* [Problem statement]: Exclude the pictures and repeat all of the data exactly.

[Collected data entries]
---

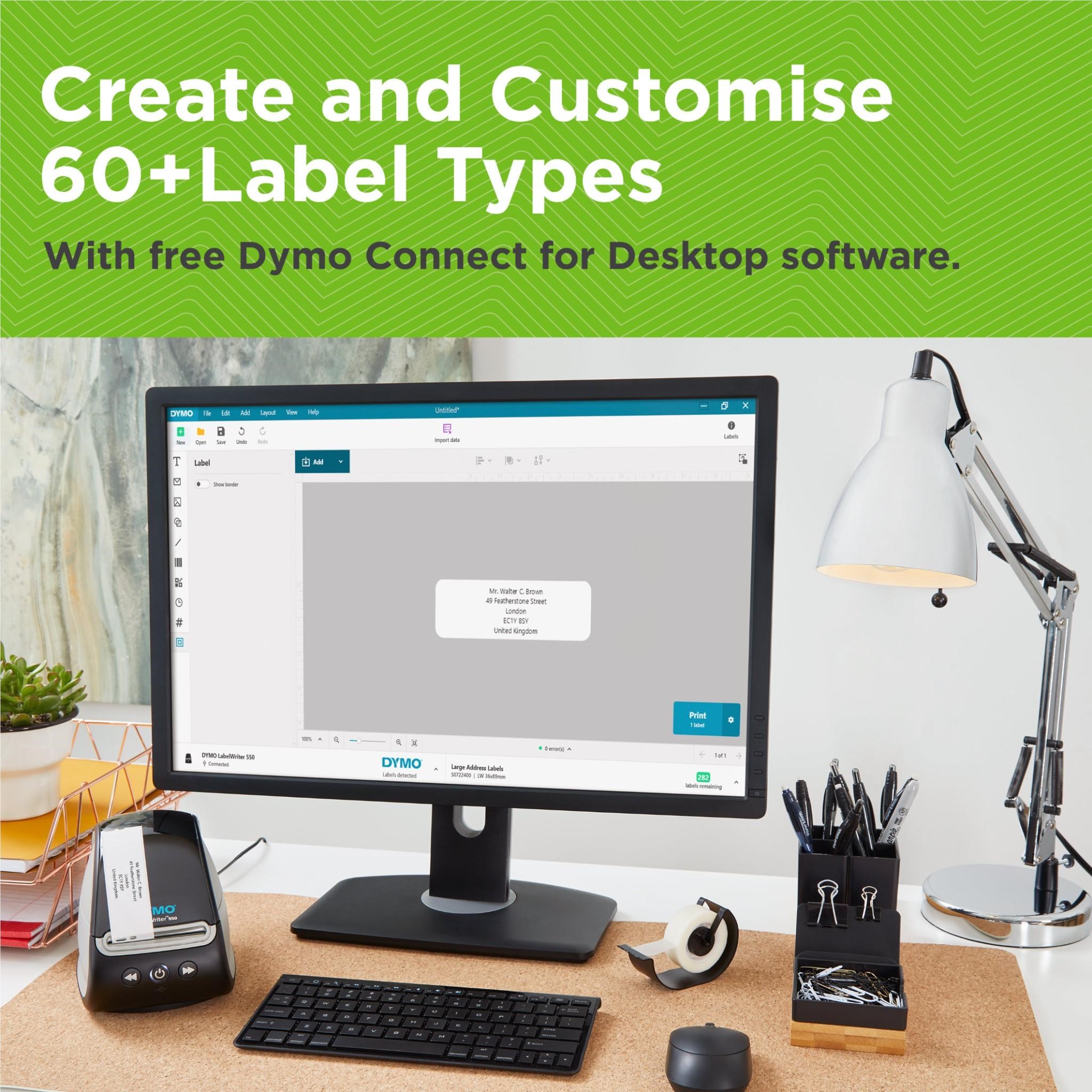 The DYMO® LabelWriter® 550 label printer comes with unique Automatic Label Recognition so you always know the size. type. and number of labels remaining. The direct thermal label printer replaces the need to buy costly ink or toner. while the portable size helps it fit into any modern workspace.
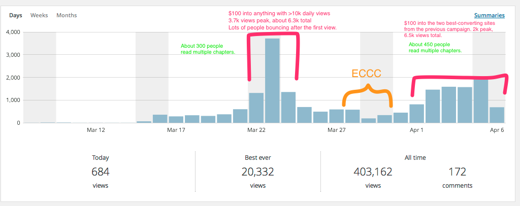 All advertising was on various webcomics via Project Wonderful, an ad network primarily used on webcomics. Which narrows my focus to “people who are already interested in reading comics on the web”. I need to find places to advertise to “people interested in science fiction” as well.
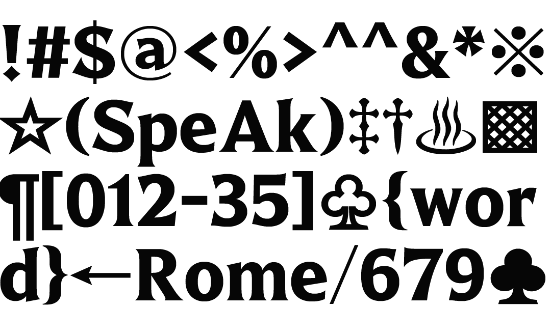 라틴 94자 외 라틴 확장 178자와 숫자, 약물 등에도 같은 특징을 적용하여 여러 문자를 섞어 써도 이질감이 없도록 개발했습니다. 영문, 숫자, 특수기호 디자인에도 넓게 퍼지는 세리프와 작은 획 대비로 일관된 인상을 주도록 디자인했습니다.
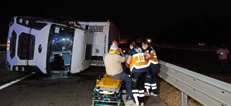 TEM Otoyolu’nda sürücüsünün direksiyon hakimiyetini kaybettiği kamyon devrildi. Kazada kamyon sürücüsü yaralandı.
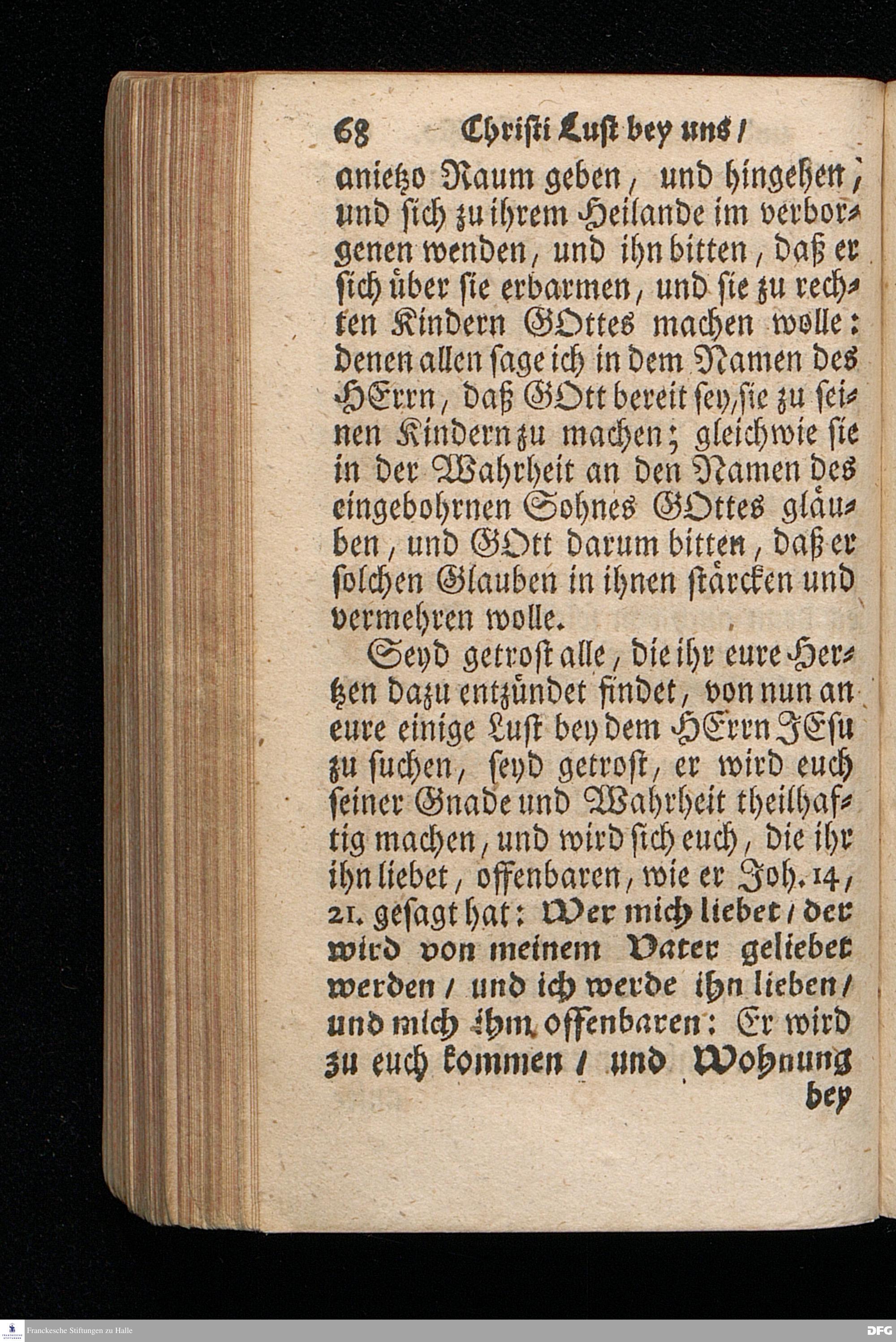Christi Lust bey uns / und Unsere Lust bey Christo / Am III.Christ=Tage An.1717. In einer Uber den ordentlichen Evangelischen Text Joh.I, 1--14. In der Stadt=Kirchen zu Blaubeuren im Hertzogthum Würtemberg, Auf Erfordern Sr.Hochwürden des ietzigen Herrn Prälaten und gantzen Ministerii daselbst, gehaltenen Und auf Verlangen in den Druck gegebenen Predigt vorgestellet von August Hermann Francken / S.Theol.Prof.Past.und Scholarcha zu Halle im Hertzogthum Magdeburg. HALLE, Gedruckt im Wäysen=Hause. Anno 1718.
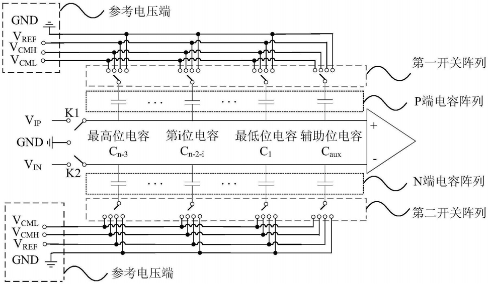 所述第一开关阵列中每个切换开关分别连接所述参考电压端和P端电容阵列中相应电容的下极板;P端电容阵列中所有电容的上极板相连接,并通过第一输入开关K1接正相输入VIP;
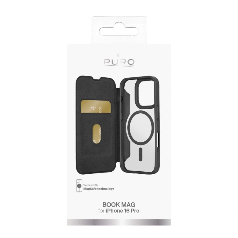 Puro Book Mag MagSafe Lederhülle mit Flip und Kartensteckplatz für iPhone 16 Pro – Schwarz
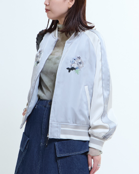 華やかな刺繍が目を惹く、ショート丈仕様のスカジャン。
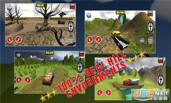 4.您将在这里挑战上坡和下坡、惊险的悬崖和山路,享受山地卡车最惊险刺激的驾驶体验。
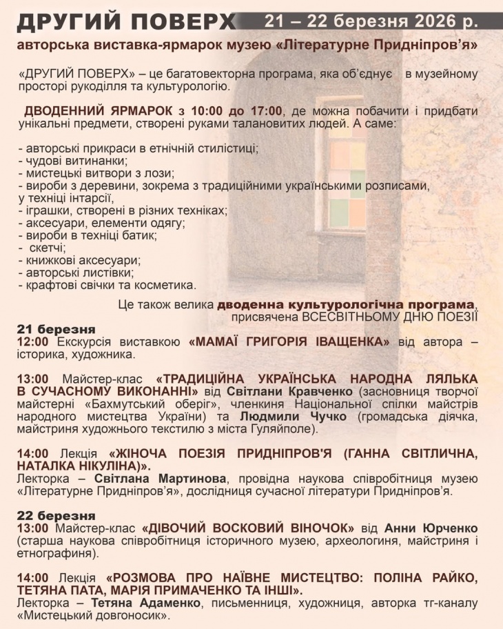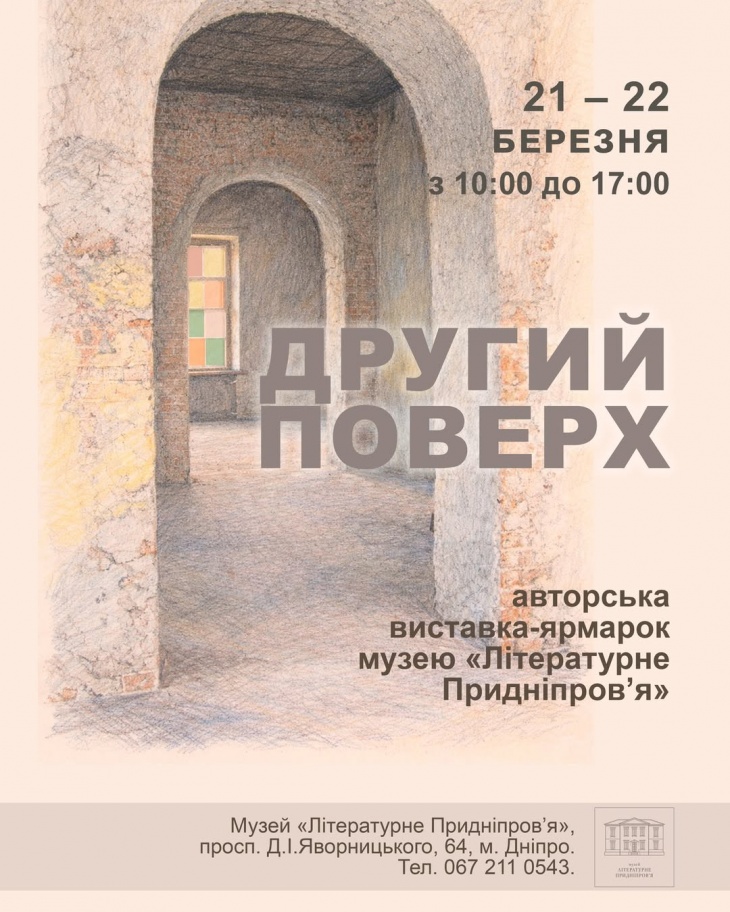 Дорогі друзі! 21 – 22 березня у музеї «Літературне Придніпров’я»вперше відбудеться дводенна музейна авторська виставка-ярмарок «Другий поверх»із запрошенням найкращих майстрів і майстринь хендмейду столиці Придніпров’я.
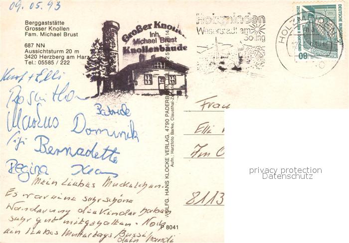 73677830 alte Postkarte Herzberg Harz Berggaststaette Grosser Knollen postalisch gelaufen Erhaltung siehe scans [WerneD78] KatCode: 11110003156009
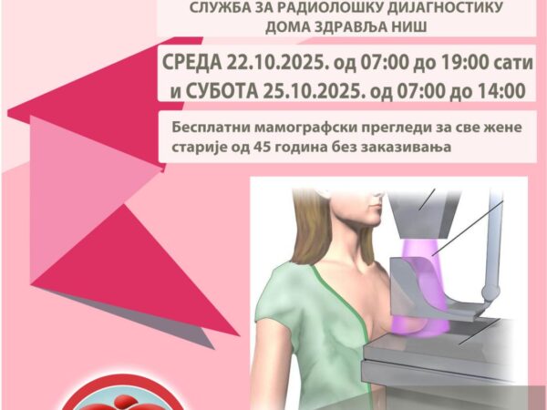Захваљујући великом ангажовању запослених у Дому здравља Ниш, урађено је близу 4.500 мамографских прегледа за перид од 01.01. до 20.10.2025. године. Дневно је позивано око 300 жена, а заказивано између 25 и 30 жена за
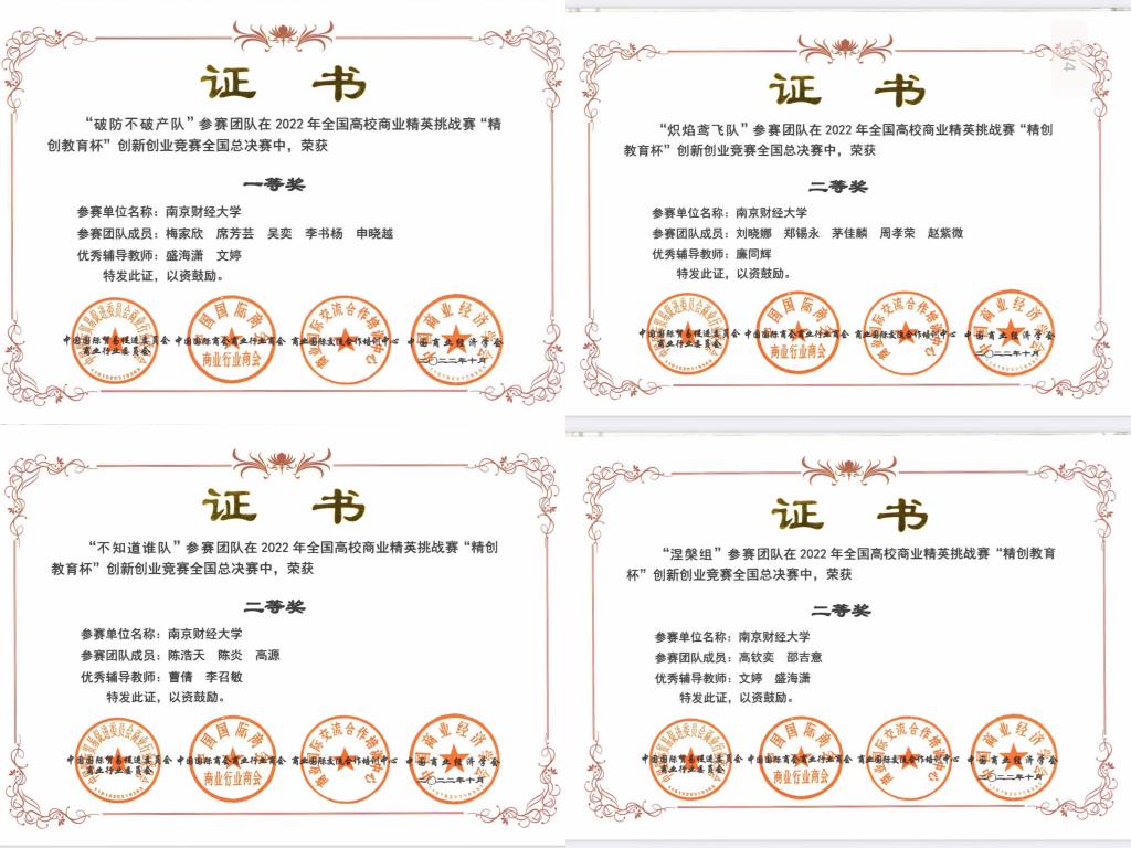 本科组比赛需要完成知识赛、校赛、区域赛、国赛四轮角逐,考验的不仅是赛事要求中的PPT和视频制作、商业计划书撰写、答辩等,更是对各参赛团队的学习能力与配合默契度的挑战。工商管理学院的师生团队顶住压力,发扬了严谨治学的态度,最终4支队伍皆突出重围,取得了可喜的成绩。

---

* [Response area]:
 The DYMO® LabelWriter® 550 label printer comes with unique Automatic Label Recognition so you always know the size. type. and number of labels remaining. The direct thermal label printer replaces the need to buy costly ink or toner. while the portable size helps it fit into any modern workspace.
 All advertising was on various webcomics via Project Wonderful, an ad network primarily used on webcomics. Which narrows my focus to “people who are already interested in reading comics on the web”. I need to find places to advertise to “people interested in science fiction” as well.
 라틴 94자 외 라틴 확장 178자와 숫자, 약물 등에도 같은 특징을 적용하여 여러 문자를 섞어 써도 이질감이 없도록 개발했습니다. 영문, 숫자, 특수기호 디자인에도 넓게 퍼지는 세리프와 작은 획 대비로 일관된 인상을 주도록 디자인했습니다.
 TEM Otoyolu’nda sürücüsünün direksiyon hakimiyetini kaybettiği kamyon devrildi. Kazada kamyon sürücüsü yaralandı.
Christi Lust bey uns / und Unsere Lust bey Christo / Am III.Christ=Tage An.1717. In einer Uber den ordentlichen Evangelischen Text Joh.I, 1--14. In der Stadt=Kirchen zu Blaubeuren im Hertzogthum Würtemberg, Auf Erfordern Sr.Hochwürden des ietzigen Herrn Prälaten und gantzen Ministerii daselbst, gehaltenen Und auf Verlangen in den Druck gegebenen Predigt vorgestellet von August Hermann Francken / S.Theol.Prof.Past.und Scholarcha zu Halle im Hertzogthum Magdeburg. HALLE, Gedruckt im Wäysen=Hause. Anno 1718.
 所述第一开关阵列中每个切换开关分别连接所述参考电压端和P端电容阵列中相应电容的下极板;P端电容阵列中所有电容的上极板相连接,并通过第一输入开关K1接正相输入VIP;
 Puro Book Mag MagSafe Lederhülle mit Flip und Kartensteckplatz für iPhone 16 Pro – Schwarz
 華やかな刺繍が目を惹く、ショート丈仕様のスカジャン。
 4.您将在这里挑战上坡和下坡、惊险的悬崖和山路,享受山地卡车最惊险刺激的驾驶体验。
 Дорогі друзі! 21 – 22 березня у музеї «Літературне Придніпров’я»вперше відбудеться дводенна музейна авторська виставка-ярмарок «Другий поверх»із запрошенням найкращих майстрів і майстринь хендмейду столиці Придніпров’я.
 73677830 alte Postkarte Herzberg Harz Berggaststaette Grosser Knollen postalisch gelaufen Erhaltung siehe scans [WerneD78] KatCode: 11110003156009
Захваљујући великом ангажовању запослених у Дому здравља Ниш, урађено је близу 4.500 мамографских прегледа за перид од 01.01. до 20.10.2025. године. Дневно је позивано око 300 жена, а заказивано између 25 и 30 жена за
 本科组比赛需要完成知识赛、校赛、区域赛、国赛四轮角逐,考验的不仅是赛事要求中的PPT和视频制作、商业计划书撰写、答辩等,更是对各参赛团队的学习能力与配合默契度的挑战。工商管理学院的师生团队顶住压力,发扬了严谨治学的态度,最终4支队伍皆突出重围,取得了可喜的成绩。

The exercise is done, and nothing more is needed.